Department of Pathology, The Methodist Hospital, Center for Molecular and Translational Human Infectious Diseases Research, The Methodist Hospital Research Institute, Houston, TX 77030, USA.
Proc Natl Acad Sci U S A. 2010 Mar 2;107(9):4371-6. doi: 10.1073/pnas.0911295107. Epub 2010 Feb 8.
Understanding the fine-structure molecular architecture of bacterial epidemics has been a long-sought goal of infectious disease research. We used short-read-length DNA sequencing coupled with mass spectroscopy analysis of SNPs to study the molecular pathogenomics of three successive epidemics of invasive infections involving 344 serotype M3 group A Streptococcus in Ontario, Canada. Sequencing the genome of 95 strains from the three epidemics, coupled with analysis of 280 biallelic SNPs in all 344 strains, revealed an unexpectedly complex population structure composed of a dynamic mixture of distinct clonally related complexes. We discovered that each epidemic is dominated by micro- and macrobursts of multiple emergent clones, some with distinct strain genotype-patient phenotype relationships. On average, strains were differentiated from one another by only 49 SNPs and 11 insertion-deletion events (indels) in the core genome. Ten percent of SNPs are strain specific; that is, each strain has a unique genome sequence. We identified nonrandom temporal-spatial patterns of strain distribution within and between the epidemic peaks. The extensive full-genome data permitted us to identify genes with significantly increased rates of nonsynonymous (amino acid-altering) nucleotide polymorphisms, thereby providing clues about selective forces operative in the host. Comparative expression microarray analysis revealed that closely related strains differentiated by seemingly modest genetic changes can have significantly divergent transcriptomes. We conclude that enhanced understanding of bacterial epidemics requires a deep-sequencing, geographically centric, comparative pathogenomics strategy.

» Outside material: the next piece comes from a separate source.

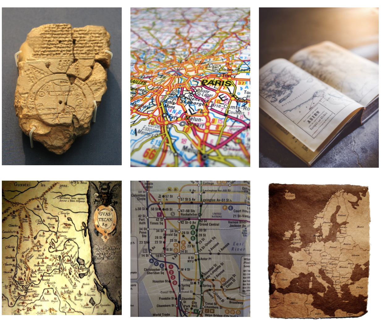 A collection of maps, both old and new. (Image credits clockwise from top left: Gary Todd, Jean Scheijen, Kiwihug, Benjamin Earwicker, Ariel Camilo, BSK)

了解细菌流行的精细结构分子结构一直是传染病研究的长期目标。我们使用短读长 DNA 测序并结合 SNP 的质谱分析,研究了涉及加拿大安大略省 344 株 M3 组 A 链球菌的连续 3 次侵袭性感染流行的分子病原体组学。对来自 3 次流行的 95 株菌进行基因组测序,并对所有 344 株菌的 280 个双等位基因 SNP 进行分析,揭示了一种出乎意料的复杂种群结构,由动态混合的不同克隆相关复合物组成。我们发现,每次流行都由多个新兴克隆的微观和宏观爆发所主导,其中一些与独特的菌株基因型-患者表型关系有关。平均而言,菌株之间仅通过 49 个 SNP 和 11 个核心基因组中的插入缺失事件(indels)来区分。10%的 SNP 是菌株特异性的;也就是说,每个菌株都有独特的基因组序列。我们确定了在流行高峰期内和之间菌株分布的非随机时空模式。广泛的全基因组数据使我们能够识别出具有显著增加的非同义(改变氨基酸)核苷酸多态性的基因,从而提供了有关宿主中作用的选择压力的线索。比较表达微阵列分析显示,看似遗传变化微小的密切相关菌株的转录组可能存在显著差异。我们得出结论,要深入了解细菌流行,需要采用深度测序、以地理为中心、比较病原体组学策略。